Here’s the general idea for how the code should work for full maze exploration:

  • Takeoff, then…
    • hover
    • record current GPS location in map dictionary, including previous location (i.e index “here I am” : content “here I came from” in units of meters held in a python dictionary
    • do Sweep 360° scan for obstacles
    • find next direction based on the current map contents either…
      • unexplored unobstructed direction (beyond 2m) biased towards the target GPS point (e.g. the centre of the maze)
      • previously visited location marking the current location in the map dictionary as blocked to avoid further return visits
    • head off on the new direction until
      • obstacle found in the new direction
      • unexplored direction (i.e not in the map so far) found
    • repeat

And in fact, this same set of rules are required for just avoiding obstacles, which is good, as I doubt I’ll ever be able to find / build a suitably sized maze, and if I did, the LiPo will run out long before the centre of the maze is reached.

* The fact it’s pure code means it’s going to be quiet on the blogging front apart from GPS tracking videos when the weather warms up.  I’m also considering building a new version of Hermione from the spares I have in stock, provisionally called “Penelope”.  She’s there for shows only; I can then use Hermione purely for testing new features without worrying about breaking her prior to an event.


What’s left?

  • Refine the u-blox NEO-M8T to use the “pedestian” model algorithm which is more accurate than the current “portable” model used.
  • Test the yaw code I’ve been working on in the background so ‘H’ always points in the way she’s going.
  • Stop swearing at Microsoft for the Spectre and Meltdown updates they installed this morning which has crippled my PC just loading web pages!

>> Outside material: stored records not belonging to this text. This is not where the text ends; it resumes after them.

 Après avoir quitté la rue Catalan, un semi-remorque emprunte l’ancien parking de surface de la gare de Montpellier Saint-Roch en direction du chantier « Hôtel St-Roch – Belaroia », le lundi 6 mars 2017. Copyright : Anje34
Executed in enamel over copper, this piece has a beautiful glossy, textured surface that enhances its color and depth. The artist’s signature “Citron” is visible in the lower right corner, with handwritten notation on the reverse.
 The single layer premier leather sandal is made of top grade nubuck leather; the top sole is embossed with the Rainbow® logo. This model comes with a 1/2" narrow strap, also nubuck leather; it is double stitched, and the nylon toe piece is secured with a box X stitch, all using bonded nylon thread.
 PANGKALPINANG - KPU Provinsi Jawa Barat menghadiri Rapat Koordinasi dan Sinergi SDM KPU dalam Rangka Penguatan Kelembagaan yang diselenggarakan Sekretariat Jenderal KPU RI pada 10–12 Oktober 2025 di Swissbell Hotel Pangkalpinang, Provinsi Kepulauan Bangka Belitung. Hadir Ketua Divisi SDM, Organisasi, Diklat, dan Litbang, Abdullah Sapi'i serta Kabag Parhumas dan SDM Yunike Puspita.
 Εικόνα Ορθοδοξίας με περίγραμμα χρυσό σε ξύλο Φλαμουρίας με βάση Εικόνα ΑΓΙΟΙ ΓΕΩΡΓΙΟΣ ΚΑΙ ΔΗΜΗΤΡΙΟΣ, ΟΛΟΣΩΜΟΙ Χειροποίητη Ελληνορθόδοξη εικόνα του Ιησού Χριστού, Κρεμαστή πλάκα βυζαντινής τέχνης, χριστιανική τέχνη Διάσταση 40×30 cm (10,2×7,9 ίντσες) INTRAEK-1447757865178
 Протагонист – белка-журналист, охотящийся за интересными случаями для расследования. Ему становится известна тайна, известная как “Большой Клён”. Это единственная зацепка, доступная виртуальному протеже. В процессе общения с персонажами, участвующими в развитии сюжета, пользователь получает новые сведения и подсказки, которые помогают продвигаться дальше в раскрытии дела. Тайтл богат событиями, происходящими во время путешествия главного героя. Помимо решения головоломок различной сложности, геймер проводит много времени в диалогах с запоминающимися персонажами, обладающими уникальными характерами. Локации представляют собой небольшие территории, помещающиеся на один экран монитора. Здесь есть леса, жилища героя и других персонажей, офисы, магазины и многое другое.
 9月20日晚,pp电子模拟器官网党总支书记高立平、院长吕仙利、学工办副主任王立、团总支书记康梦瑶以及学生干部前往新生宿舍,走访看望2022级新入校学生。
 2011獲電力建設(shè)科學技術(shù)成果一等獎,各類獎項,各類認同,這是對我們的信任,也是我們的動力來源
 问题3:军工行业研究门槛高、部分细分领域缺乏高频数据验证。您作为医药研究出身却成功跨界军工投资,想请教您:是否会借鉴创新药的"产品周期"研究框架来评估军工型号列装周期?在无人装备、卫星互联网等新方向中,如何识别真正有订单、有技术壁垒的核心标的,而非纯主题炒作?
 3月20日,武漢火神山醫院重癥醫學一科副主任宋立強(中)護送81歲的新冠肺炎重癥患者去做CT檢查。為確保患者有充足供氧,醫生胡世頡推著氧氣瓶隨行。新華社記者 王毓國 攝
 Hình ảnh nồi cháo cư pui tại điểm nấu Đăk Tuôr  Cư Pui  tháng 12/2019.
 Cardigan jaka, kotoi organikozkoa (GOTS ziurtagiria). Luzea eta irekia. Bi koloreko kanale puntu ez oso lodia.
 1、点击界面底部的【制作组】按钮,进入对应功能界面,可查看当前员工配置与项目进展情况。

Sixty seconds sanity check

A 60 seconds hover in preparations for my next GPS tracking flight on Wednesday when the sun will be out:

Weather conditions are poor today: light contrast is low due to thick clouds and the temperature is about 3°C.  The code is using the butterworth filter to extract gravity from the accelerometer, and the hover height is set higher at 1.5m to avoid the longer grass in the field next door on Wednesday: takeoff at 50cm/s for 3 seconds to get away from the ground quickly; descent is at 0.25cm/s for 6 seconds for a gentle landing.  The aim here is to move the down-facing LiDAR into a zone where it’ll be more accurate / stable vertically, while checking the down-facing video still provides accurate horizontal stability at this higher height, lower contrast lawn surface.

The check has passed well, boding well for Wednesdays GPS field flight!

Worth a Betta Bitta Butter

I suspect the low temperature increasingly unstable GPS tracking flights are partly due to the LiPo power (fixed with the hand / pocket digital warmers), and partly the accelerometer drift over time / temperature.  The problem with the latter is that gravity is recorded at the start of the flight and hence is fixed, meaning that accelerometer drift during the flight results in velocity and distance drift as the integration of (accelerometer – gravity) grows .  This is currently overcome by having second sources of velocity and distance (down-facing LiDAR + video) fused with the drifting IMU integrated (accelerometer – gravity) values.  The instability sets in over time as the IMU velocity and distance values drift increasingly over time but the LiDAR and video values don’t.  Ultimately these sources increasingly diverge and the instability ensues.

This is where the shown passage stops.